# TS sled material



## woodchux (Jul 6, 2014)

Planning/designing a new TS sled, and thinking of using the laminate countertop cut-out from a double kitchen sink for the smooth surface. Will it work or is another material more suitable? Input is appreciated. Be safe.


----------



## epicfail48 (Mar 27, 2014)

Material shouldn't matter too much, so long as it's dimensionally stable and won't harm your saw blade. I use mdf for mine and have been for a while now, never had any issues. Only thing you really have to worry about it thickness, because the thickness of the sled subtracts from the total thickness of work you can cut


----------



## TomCT2 (May 16, 2014)

I asked the same question, got no info, so I went with MDF - after build, I gave it a coat of polyurethane as a humidity blocker. 

works well, so far. 2-3 months into it . . . .


----------



## Toolman50 (Mar 22, 2015)

When doing precision work, I prefer something that is not too slick. 
I don't want to slip when cross-cutting, making tenons, etc. 
So I will not use a laminate top for a sled. 
The laminate top is excellent on a router table.


----------



## m.n.j.chell (May 12, 2016)

I just built my first one a few weeks ago.
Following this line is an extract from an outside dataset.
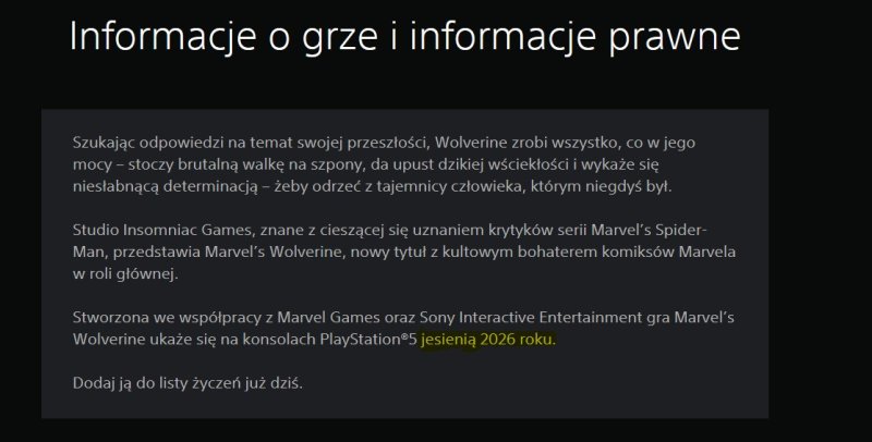 Jak zwykle, Sony trzyma w tajemnicy program całego wydarzenia. Wiele wskazuje jednak na to, że poznamy wreszcie datę premiery długo wyczekiwanego Marvel’s Wolverine. Wydaje się to potwierdzać fakt, że według doniesień graczy z Ameryki Łacińskiej, w meksykańskiej wersji PS Store pojawiła się informacja o premierze tego tytułu w trzecim kwartale 2026 rok. Co więcej, również polska strona sklepu potwierdza tę informację.

I used what I had on hand. The deck, I used a left over piece of peg board. The uprights are 1 1/2" x 6" boards salvaged off a water bed frame.


----------



## Hammer1 (Aug 1, 2010)

I've built many sleds over the years, several different types. You don't want a slippery surface, just the opposite. Often sandpaper is glued to the fence or base to prevent any workpiece movement. 3/4" birch or similar plywood is stable and thick enough to fasten fences, clamps or letting in T-tracks. I have a large rip sled must be 40 yrs. old and has been abused badly, made of 1/2" MDO, sign makers plywood with the orange paper, love that stuff. I don't make my miter or crosscut sleds adjustable, everything is fixed and dead on, with clamps. Rip sleds double as taper guides so they are adjustable, sometimes just by screwing down a fence or blocks as needed. Best thing I ever did with my sleds is using the Incra sliders, silky smooth and never change.


----------



## RonW (Sep 16, 2013)

The only problem with a laminate countertop cut-out it more than likely wont stay flat.


----------



## GeorgeC (Jul 30, 2008)

RonW said:


> The only problem with a laminate countertop cut-out it more than likely wont stay flat.


Please explain your thought process/rationale.

I would think just the opposite.

George


----------



## m.n.j.chell (May 12, 2016)

Hmmm ...
I wonder where I could buy some of that "phenolic plywood/ film faced plywood"?

I'll have to look around online ...


----------



## Kerrys (May 2, 2016)

mikechell said:


> Hmmm ...
> I wonder where I could buy some of that "phenolic plywood/ film faced plywood"?
> 
> I'll have to look around online ...


When you find it plz let me know.


----------



## woodnthings (Jan 24, 2009)

*Thewre was a link posted earlier*



Kerrys said:


> When you find it plz let me know.


It may have been removed by the Mods as it was advertising, but they do have it:

http://www.andersonplywood.com/


----------



## RonW (Sep 16, 2013)

GeorgeC said:


> Please explain your thought process/rationale.
> 
> I would think just the opposite.
> 
> George


Just something I seen many times with old post formed tops and the cutoffs. The mdf will absorb moisture in the air and the laminate will not. As the mdf expands and contracts it will cup because the laminate does not moved with it. One way to help is to put laminate on both sides.


----------



## Kerrys (May 2, 2016)

woodnthings said:


> It may have been removed by the Mods as it was advertising, but they do have it:
> 
> http://www.andersonplywood.com/


Yeah, it was blatant advertising. My comment was made with a heavy dose of sarcasm but the internet removed it.


----------



## m.n.j.chell (May 12, 2016)

Ditto ... my comment was sarcastic, and has no meaning now that the offending post is gone.


----------



## woodchux (Jul 6, 2014)

Many "Thanks" for all information, comments and ideas. Re-thinking the TS sled build and will be using "The Wood Whisperer " #146 online demo as a guide, but using UHMW slick strips for runners to avoid ANY humidity problems. Be safe.


----------